We use YAML configuration for services scaling. Usually it goes like this:

service:
  scalingPolicy:
    capacity:
      min: 1
      max: 1 

So it's easy to open with basic PyYAML and parse as an dict to get config['service']['scalingPolicy']['capacity']['min'] result as 1. Problem is that some configs are built with dots delimiter e.g:

service.scalingPolicy.capacity:
  min: 1
  max: 1

Basic consumer of this configs is Java's Spring and somehow it's treated equally as the example above. But due to need to also parse these configs with Python - I get whole dot separated line as a config['service.scalingPolicy.capacity'] key.

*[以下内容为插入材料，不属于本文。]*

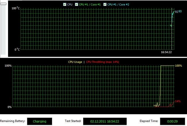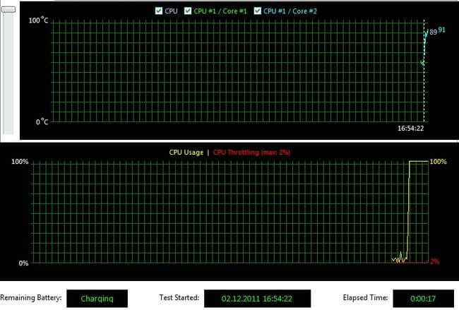 На 17-й секунде температура процессора переходит рубеж в 90 градусов и включается троттлинг.

The question is - how would I make python parse any kind of keys combinations (both separated by dots and separated by tabulation and :). I didn't find related parameters for Python YAML libs (I've checked standard PyYAML and ruamel.yaml) and handling any possible combination manually seems like a crazy idea. The only possible idea I have is to write my own parser but maybe there is something I'm missing so I won't have to reinvent the bicycle.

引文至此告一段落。